Para entender el entusiasmo de Marco Antonio por la máquina de Ctesibio es preciso conocer sus circunstancias. En aquel tiempo el incipiente imperio romano estaba de facto dividido en dos partes, la parte occidental gobernada desde Roma por Cayo Octavio y la parte oriental gobernada desde Alejandría por Marco Antonio, fraguándose un enfrentamiento entre los dos que se venía demorando desde hacía años a través de frágiles acuerdos de equilibrios de poder. Mientras Octavio confabulaba en Roma y predisponía al senado y al pueblo romano contra Marco Antonio, éste perdía el tiempo en Alejandría distrayéndose con Cleopatra y adoptando costumbres orientales, lo que suministraba nueva munición propagandística para Octavio [3]. En el año 32 a.C. el Senado, convencido por la propaganda de Octavio, revocó los poderes de Antonio como cónsul y declaró la guerra a Cleopatra. Solo entonces reaccionó Marco Antonio y empezó los preparativos para la guerra. Para ambos contendientes resultaba clave conseguir el dominio del mar. Octavio lo necesitaba para llevar a su ejército desde Italia a Egipto y asegurar sus líneas de suministros. Antonio debía evitarlo y romper sus comunicaciones a la vez que aseguraba el mar para sí con el objetivo de invadir Italia a través del Adriático. Para los dos generales resultaba evidente que una victoria naval sería crítica para el resultado final de la guerra. Sigue Séneca:

Marco Antonio quería que la máquina se instalara enseguida en todos sus barcos de guerra para la batalla que prontamente se iba a librar. Sin embargo, me refirió el legionario veterano, no todos compartían el entusiasmo del general, y su tesorero así como la mayoría de sus comandantes no aprobaban el proyecto. Algunos adujeron que la caldera era susceptible de explotar asiduamente, otros que la instalación de la máquina en todos los barcos retrasaría demasiado la partida y finalmente el tesorero adujo que el proyecto resultaría demasiado costoso.

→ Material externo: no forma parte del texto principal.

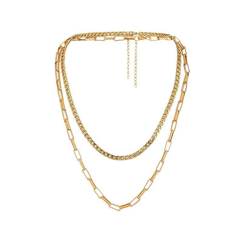 送料無料 MEYRROYUダブルレイヤーステンレススチールゴールデンロングネックレスメンズパーソナリティシンプルホローシックチェーンパンクジュエリー レース アクセサリー AE001189046537253

Los barcos de guerra romanos se valían de la acción de los remeros para navegar, sin utilizar apenas las velas para aprovechar el impulso del viento, y solamente de los remeros dependía el desempeño de las naves en la batalla. Los barcos estaban equipados con espolones a proa que utilizaban para embestir a las naves enemigas y hundirlas. Se puede entender que la máquina de Ctesibio contribuiría junto a los remeros a dar un punto más de velocidad a las embarcaciones que podía ser crucial en la batalla. Sigue Séneca:

Finalmente, fuera por las razones de sus comandantes, fuera por las razones de su tesorero o fuera porque se retrasaba en demasía la partida, el proyecto no se llevó a ejecución. Las naves partieron de Alejandría hacia Grecia y en la aciaga jornada de Accio fueran derrotadas por la flota de Octavio comandada por Marco Vipsanio Agripa.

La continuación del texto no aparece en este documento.